TL;DR
- I read this because.. : Sunghyun recommended. region caption / detailed caption 생성에도 쓰인 것 같고 fine-grained clip에 대한 궁금증이 있어서 봄.
- task : CLIP with mask
- Problem :** CLIP pulls information globally, but I want a finer understanding. How can I understand the full context of the image and not distort the image itself?

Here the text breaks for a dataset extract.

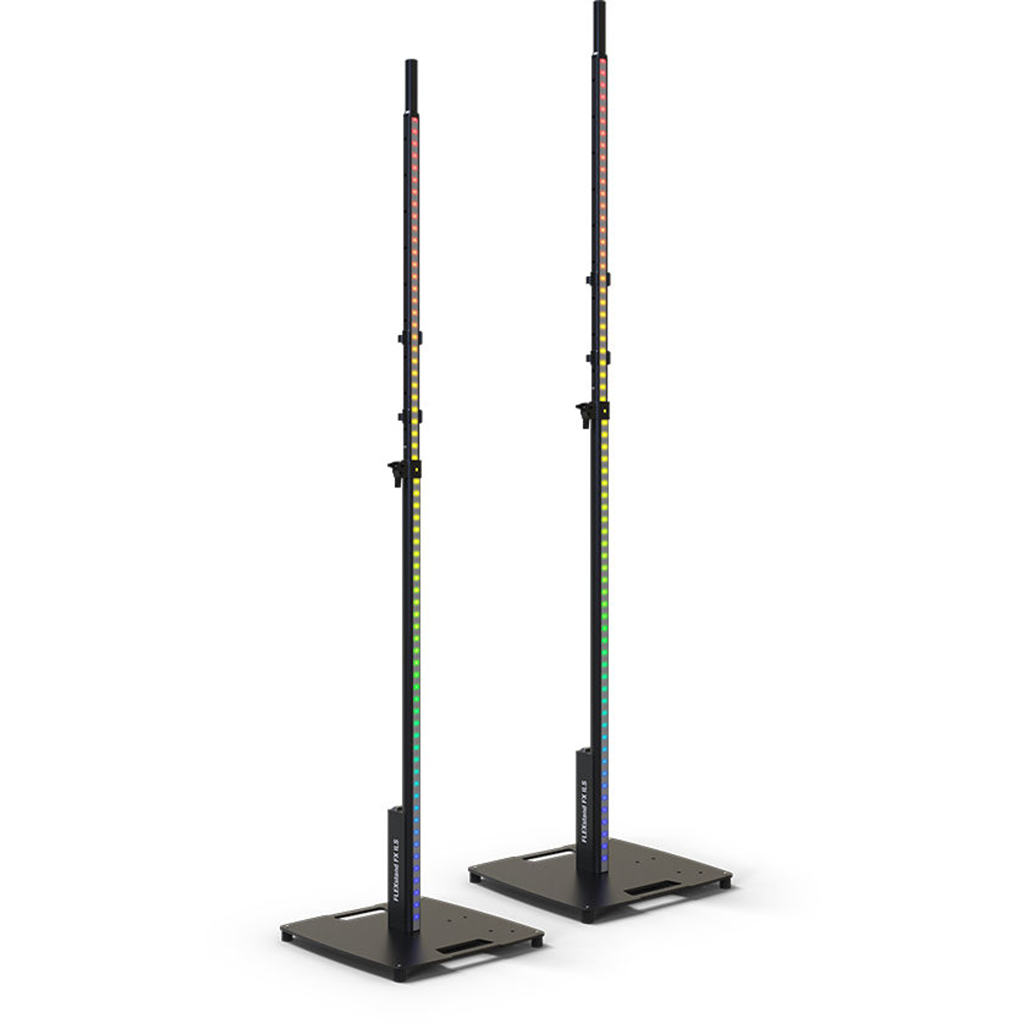 De FLEXstand FX ILS heeft 68 ingebouwde Quad-Color-LEDs (RGB+WW, elk 0,8 W) die in indrukwekkende kleurverlopen en strobe-effecten tot 20 Hz oplichten. De auto-programma's passen zich automatisch aan de gekozen statiefhoogte aan en creëren een harmonisch lichtbeeld - perfect afgestemd op muziek en beweging.
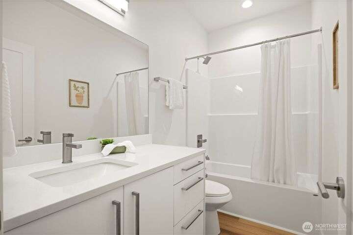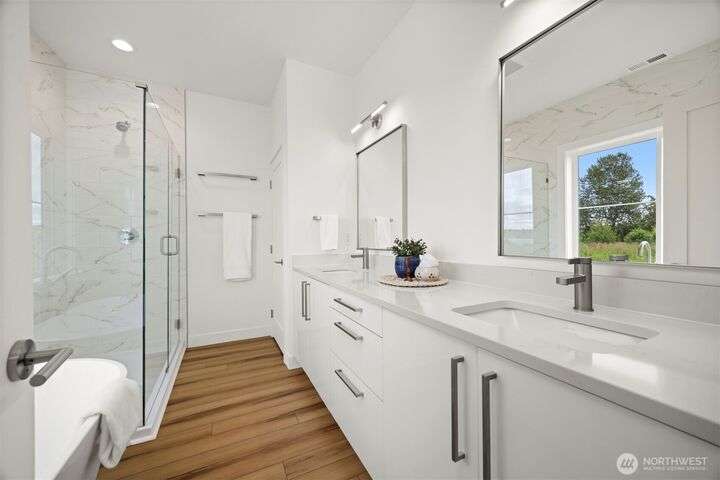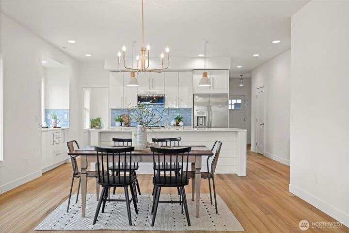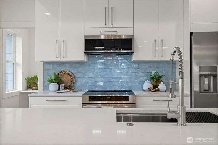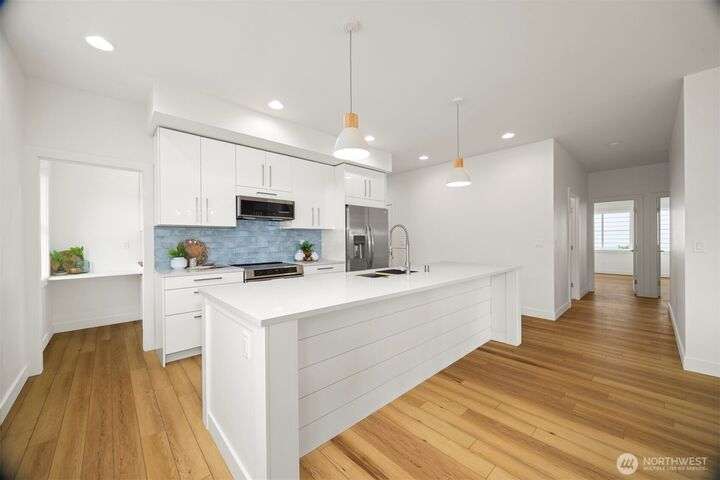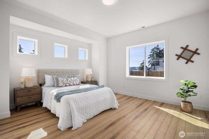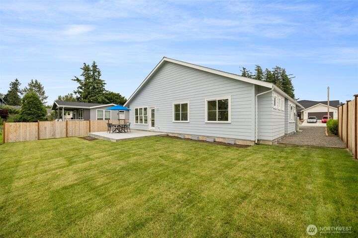 This newly constructed, single-level home is beautiful and located in a wonderful new development along the shores of Drayton Harbor, which features parks and walking trails throughout. The home is bright and airy, showcasing modern finishes and an excellent open floor plan. There is a butler's pantry adjacent to the kitchen, which opens to the living and dining areas. Near the front entry, there is an office, along with three bedrooms. The primary suite offers stunning saltwater views, and its bathroom features a sleek soaking tub, as well as a separate glass shower. The landscaped lot is level and fully fenced.

- idea : attach conv operation before ViT in CLIP, RGB conv and alpha conv separately, maybe feature summarize and pass to ViT
- input/output : (clip) image + mask, text -> similarity
- architecture : CLIP
- objective : contrastive loss
- baseline : (image classification) CLIP, Red Circle, MaskCLIP (REC) CPT, ReCLIP, Red Circle (OVD) MaskImageNet, Detic-ImageNet. (MMLM) LLaVA-1.5, BLIP-2 , …
- data : generate rgba - region text with additional pipeline for GRIT-20m + ImageNet 460K
- evaluation : For each benchmark… Sometimes MMLM just swaps the backbone (which is possible by freezing the text encoder), sometimes it’s finetuned
- Result : Improved imagenet performance, reduced MLLM hallucinations, etc.

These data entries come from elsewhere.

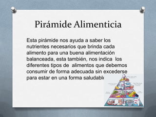 Este documento presenta información sobre los diferentes nutrientes necesarios para una alimentación balanceada, incluyendo proteínas, carbohidratos, grasas, vitaminas y minerales. Explica las funciones de cada nutriente, como las proteínas contráctiles que forman los músculos, los carbohidratos que sirven como fuente de energía, y las grasas que cumplen funciones energéticas y estructurales. También describe algunas vitaminas específicas como la A, B1 y C, y los alimentos en los que se pueden encontrar.
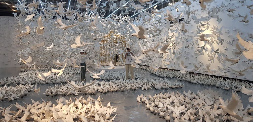 Nous admirons une exposition très étrange. J’en viens à me demander si les textes expliquant les oeuvres n’ont pas été écrits par Chat GPT avant d’être grossièrement traduits sur un outil de traduction automatique tant ça n’a ni queue ni tête – il est question d’anges et de cheval vert que nous sommes tous au fond de nous… ainsi que de pigeons qui représentent la vie (mais les œuvres étant… esthétiquement discutables également… ça se recoupe – et pourtant habituellement, j’aime beaucoup l’art contemporain).
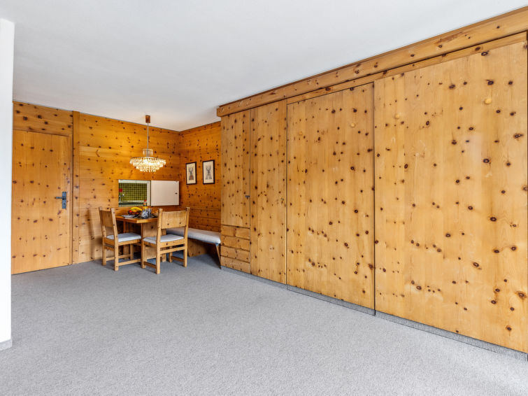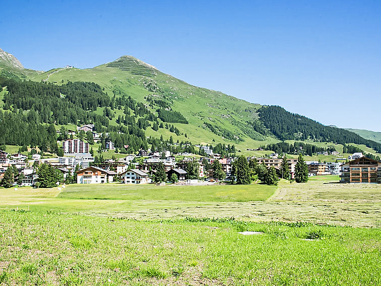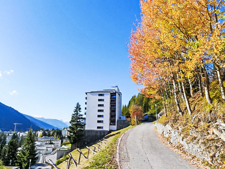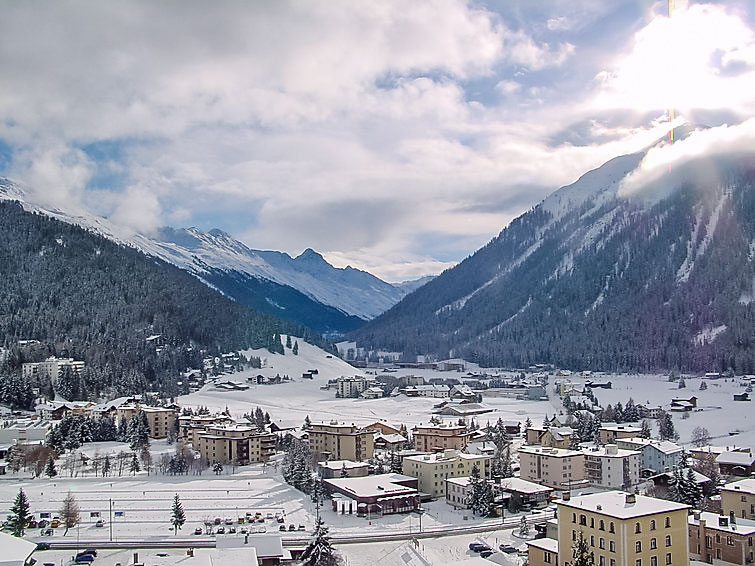 Davos: Appartementhaus "Guardaval (Utoring)". Im Ort, zentrale, ruhige, sonnige Lage am Hang, 1 km vom See, 300 m vom Skigebiet. Zur Mitbenutzung: Hallenbad. Im Hause: Empfang, Aufenthaltsraum mit TV, Wireless LAN, Sauna (extra). Spielzimmer, Fahrstuhl, Skiraum, Zentralheizung, Waschmaschine (zur Mitbenutzung). Brötchenservice und Getränkeservice. Schmale Zufahrt bis zum Haus. Parkplatz (überdacht, beschränkte Anzahl, extra), Gemeinschaftsgarage (extra). Einkaufsgeschäft 300 m, Restaurant 300 m, Bushaltestelle, Bahnstation "Davos Dorf" 400 m, Hallenbad 1 km, Badesee 1 km. Bergeisenbahn, Skisportanlagen, Skipisten, Skischule, Schlittelbahn 1.5 km, Langlaufloipe, Eisfeld 300 m. Bekannte Skigebiete sind gut erreichbar: Parsenn 300 m, Jakobshorn 1.5 km. Das Appartementhaus befindet sich oberhalb der Talstation der Parsennbahn und verfügt über eine herrliche Aussicht. Parkplatz + Garage (Reservierung bei Ankunft).
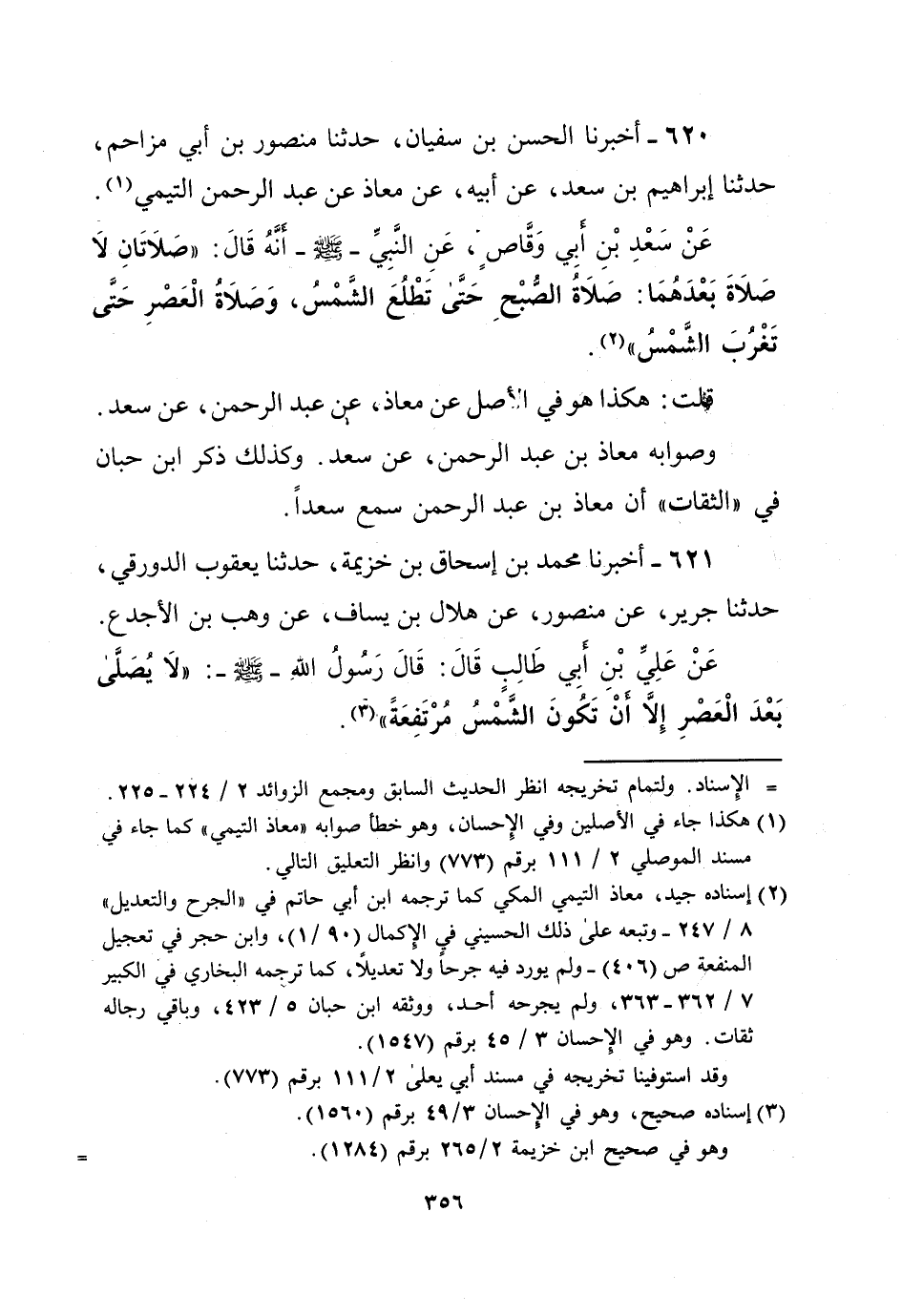 عَنْ سَعْدِ بْنِ أَبِي وَقَّاصٍ، عَنِ النَّبِيِّ - صلى الله عليه وسلم - أَنَّهُ قَالَ: "صَلاَتَانِ لا صَلاَةَ بَعْدَهُمَا: صَلاَةُ الصُّبْحِ حَتَّى تَطْلُعَ الشَمْسُ، وَصَلاَةُ الْعَصْرِ حَتَّى تَغْرُبَ الشمْسُ" (¬2).

- contribution : Simple architecture + seems to have tackled a lot of problems without much learning.
- etc. : What do we do with SAM? Region level clips do reduce hallucinations.
Details
motivation
- image recognition: better classification (imagenet is single-label but actually multi-label) / can be used as referring expression comprehension (REC) / can be used for data generation for OVDs
- The backbone of MLLM: reducing hallucination and model bias
- generation: allows you to cherry-pick the parts you want and fixes problems with multi objects
Region-focusing strategy
The image itself is distorted or full contextual information is omitted/deleted
RGBA Region-Text Pair Generation
Alpha-CLIP
- text encoder freeze
- Add RGB conv + alpha conv
- alpha is between 0 and 1, but we want it to initially start at 0, so we use the
- And alpha + rgb conv is elementwise summation (not shown)

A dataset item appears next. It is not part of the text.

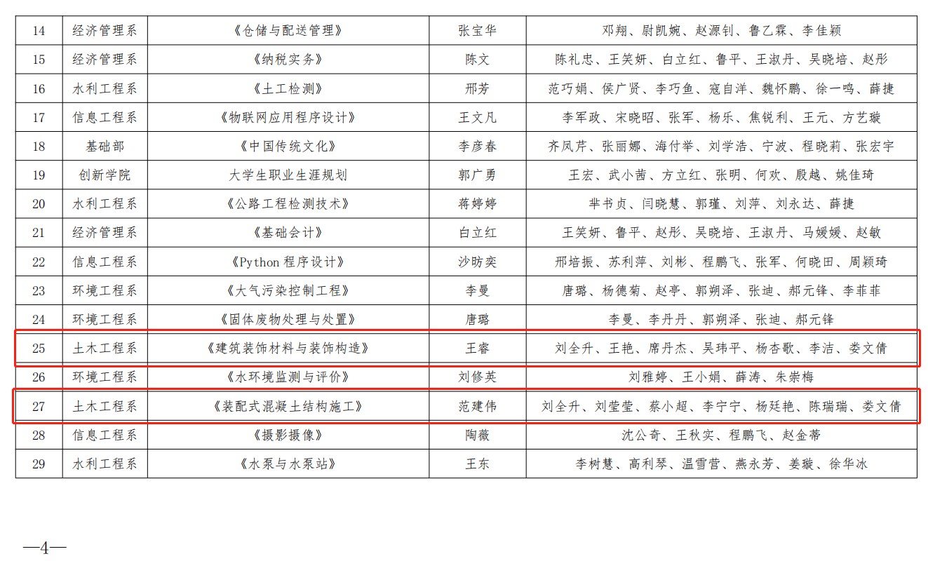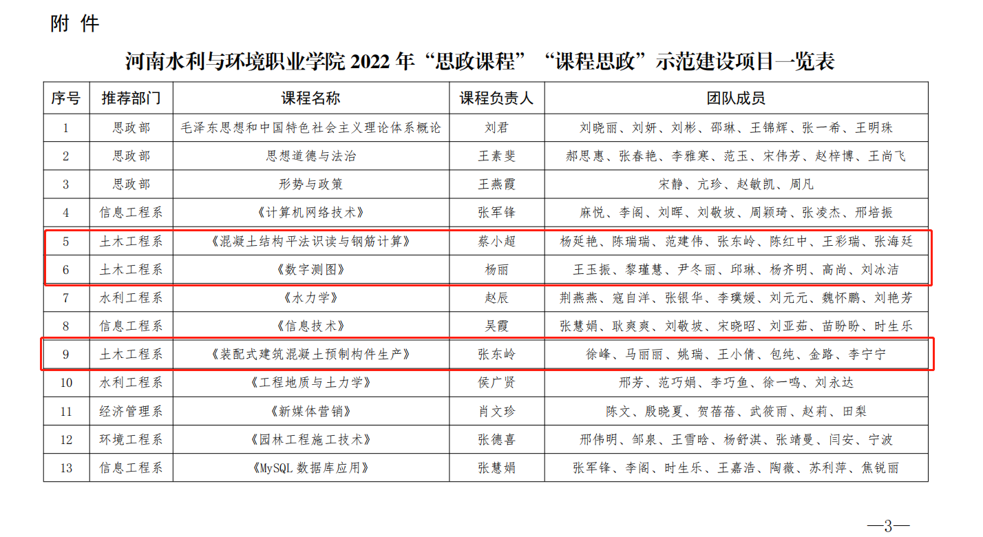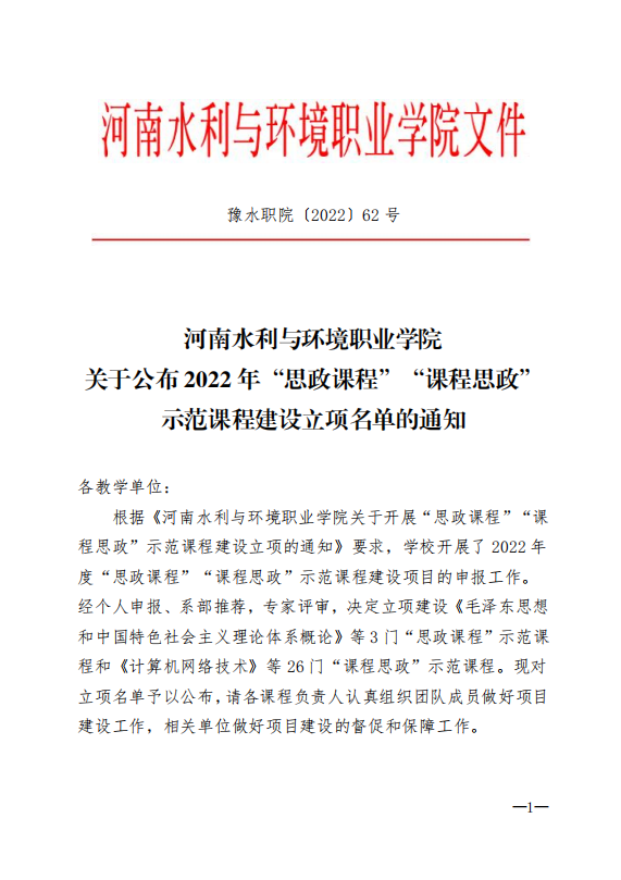 根据《河南水利与环境职业学院关于开展“思政课程”“课程思政”示范课程建设立项的通知》要求,学校开展了 2022 年度“思政课程”“课程思政”示范课程建设项目的申报工作。经个人申报、系部推荐,专家评审,决定立项建设《毛泽东思想和中国特色社会主义理论体系概论》等 3 门“思政课程”示范课程和《计算机网络技术》等 26 门“课程思政”示范课程,我系5门课程获批立项建设。现对立项名单予以公布,请各课程负责人认真组织团队成员做好项目建设工作,相关单位做好项目建设的督促和保障工作。

- 10% sample of epoxies trained with image - text pairs
Result
- ImageNet classification
imagenet-s has semantic segmentation hanging on imagenet, but performance improved when I gave that gt to alpha Or improved when given as a bbox, or just looking at the whole image as a mask, no performance drop (as if it’s learning with new data)
- REC
The pipeline is kinda weird, lol… SAM picks a bunch of masks and finds the one that’s closest to the text, and that’s the answer.
- OVD
Using a pseudo-labeling approach + AlphaCLIP as a backbone yields better performance
- Region-level captioning
Just swapping out the backbone is working.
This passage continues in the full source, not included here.